In this video, members highlight SEWA’s core values and how they are guiding the organization’s proactive approach to prepare for, mitigate, and reduce the hazardous effects of climate change across their communities.
The Agariya community in Kutch migrates seasonally to the vast desert that was once connected to the sea. Here, from October to April, these communities first prepare – by hand – large vats, which are then filled with briny groundwater drawn up by pumps. In 2021, summer temperatures in Kutch soared and stayed above 120°F, making it one of the hottest places on earth. The potable water that the Agariyas had ferried into the inland saltpans became too hot to drink, and the food they brought spoiled without refrigeration. SEWA responded by building underground water tanks and transporting watermelons to provide hydration and temporizing nourishment.

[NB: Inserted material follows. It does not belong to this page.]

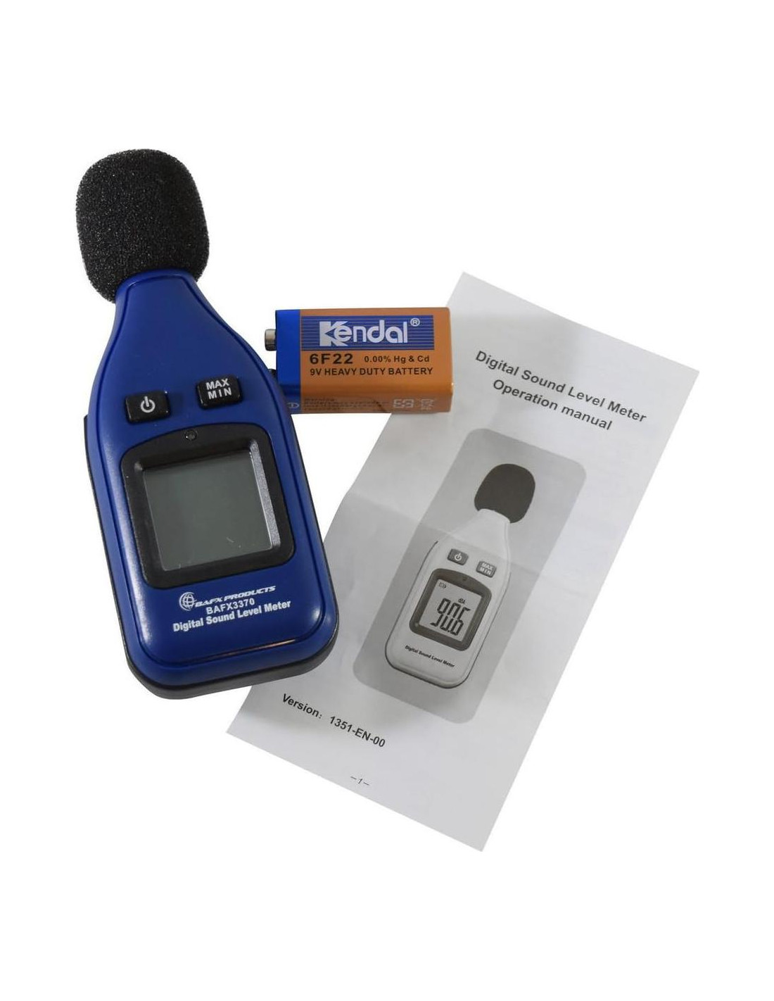 - CARACTERÍSTICAS - Pantalla retroiluminada automática para fácil visibilidad en situaciones oscuras. Función de retención MAX/MIN para medir picos absolutos altos/bajos. +/- 1.5dBA con resolución de 0.1dBA y rango de medición de 30-130dBA. Función de apagado automático para ahorrar batería (fácilmente desactivable). Tasa de muestreo de 2x/Sec. Hasta 30 horas de uso continuo con una sola batería de 9V.

SEWA had long worked with and invested in these communities. Small loans allowed the workers to invest in solar pumps, replacing the diesel pumps that had precluded them from earning a living wage. The solar panels are taken back to the villages after the salt harvest, to power homes. The switch from diesel to solar has mitigated air and noise pollution, allowing flamingos to return to their annual migratory path through the Little Rann.
In the summer of 2024, cyclones in Dubai gripped international headlines. The same weather phenomenon dumped heavy rainfall on the ready-to-harvest “ripe” salt in Kutch, destroying six months of work and the year’s wages.
By 2023, SEWA had collaborated with the Adrienne Arsht-Rockefeller Foundation Resilience Center and Blue Marble to create a first-of-its-kind extreme heat microinsurance product. The insurance provided cash transfers to daily wage workers when certain temperature thresholds were reached. Having not received payouts as anticipated, SEWA members questioned both the basis of these thresholds and the harms they were meant to prevent. Why were three days at 110°F worse than ten days at 104°F? If the goal was to protect wages, should the threshold not be lower since the fruits and vegetables on their vending carts spoiled sooner?
Partnering with researchers from Harvard, 1000 SEWA members across eight occupations are now tracking the microenvironments in their homes and workplaces. They are measuring the impact of heat and humidity on human physiology by monitoring their own heart rates, sleep patterns, and biomarkers, some continuously, night and day, for 13 months. Thousands of microsensors and biosensors will help redefine thresholds for early warnings, work conditions, and health protections.
The graphics here present early findings from 2024. While the oppressive summer temperatures start falling as the monsoon sets in, the concomitant rise in humidity keeps the wet bulb globe temperature — a sensitive indicator of how humans perceive heat — at levels far above recommended thresholds for human wellbeing.
This study, the largest of its kind, is a contribution to the world, from some of the poorest communities affected by climate change, so we may narrow gaps in our understanding of the uncertain future we face.